> > the query above selects 294072 rows, which i obviously don't want to do,
but
> > I do want to use the clause above in a query that involves a join. eg
>
> Ah, I begin to understand. With an index scan you're going to get
> 294072 probes into the table (maybe even more, if there are deleted rows
> that match the category_key). If the rows are scattered all over the
> disk then that may actually take about 300k disk reads. After you
> cluster the table, the rows with the same category_key are all
> contiguous in the table, so many fewer blocks have to be read to visit
> them all. That's why clustering helps here.
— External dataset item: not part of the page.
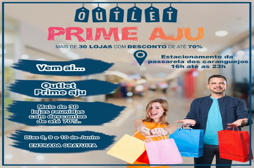 A Primeira edição do Outlet Prime Aju acontece nos dias 8,9 e 10 de junho, das 16h as 23hrs, no Estacionamento da Passarela do Caranguejo (Cinelândia). O evento visa movimentar a economia do Estado, reunindo empresas dos seguimentos de moda, beleza e gourmet para vender os seus produtos a preços promocionais.
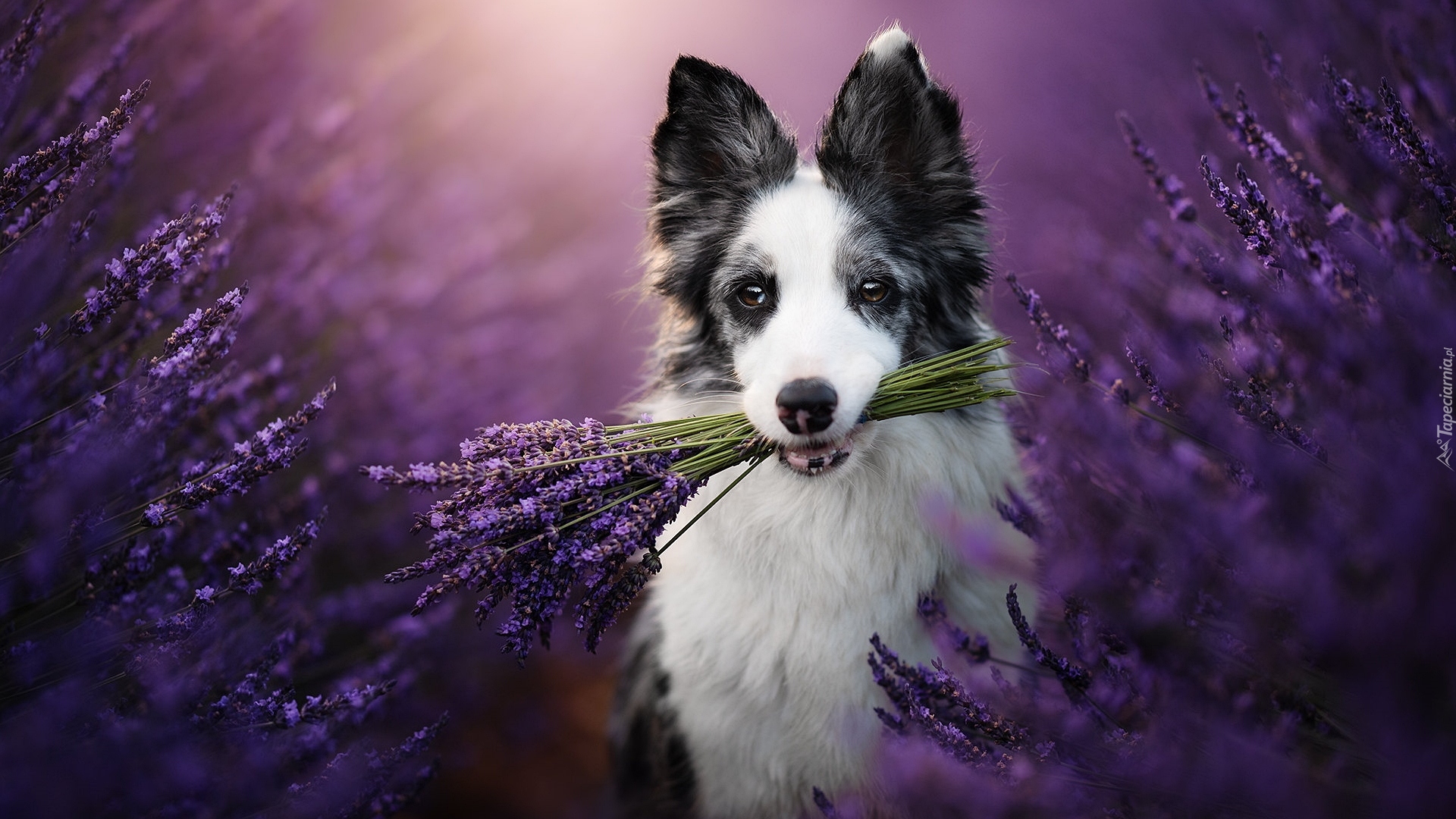 Edytor tapety: Border collie z lawendą

Indeed, and this lead me to see if there was a way of getting the ids
without hitting the books table, but it doesn't look like there is :(
>
> Since you're selecting about 1/4th of the table, this particular query
> would probably be better off *not* using the index, but just doing a
> sequential scan of the whole table :-(. I assume most of your
> categories are more selective than this one, though, so dropping the
> category index entirely is probably not the answer.
>
> > select id from books, book_words where book_words.word='happy' and
> > book_words.id = books.id and books.category_key=1471;
>
> If this is what you're really doing, I think what you actually want is
> indexes on book_words.word and books.id.
I have indexes on both of these.
>That would allow book_words
> to be searched on the word (hopefully giving a more selective result
> than the category does), and then books would be probed using the id
index.
> id has unique values, right?
yep, but how can i use this subset to then select for category? perhaps at
this stage, I should start to do things in the application code?
>
> > perhaps (in the above query) there is a way of directing postgres to
only
> > access the books that are selected by the 'words' part of the query?
>
> You might want to look at contrib/fulltextindex in the distribution for
> ideas about indexing words. fulltextindex might be overkill for your
> needs, or maybe not, but you could probably adapt it for your purposes.
we have adapted this already (taking out the reg expression stuff so that it
is a bit quicker)
thanks for your help
timj
>
> regards, tom lane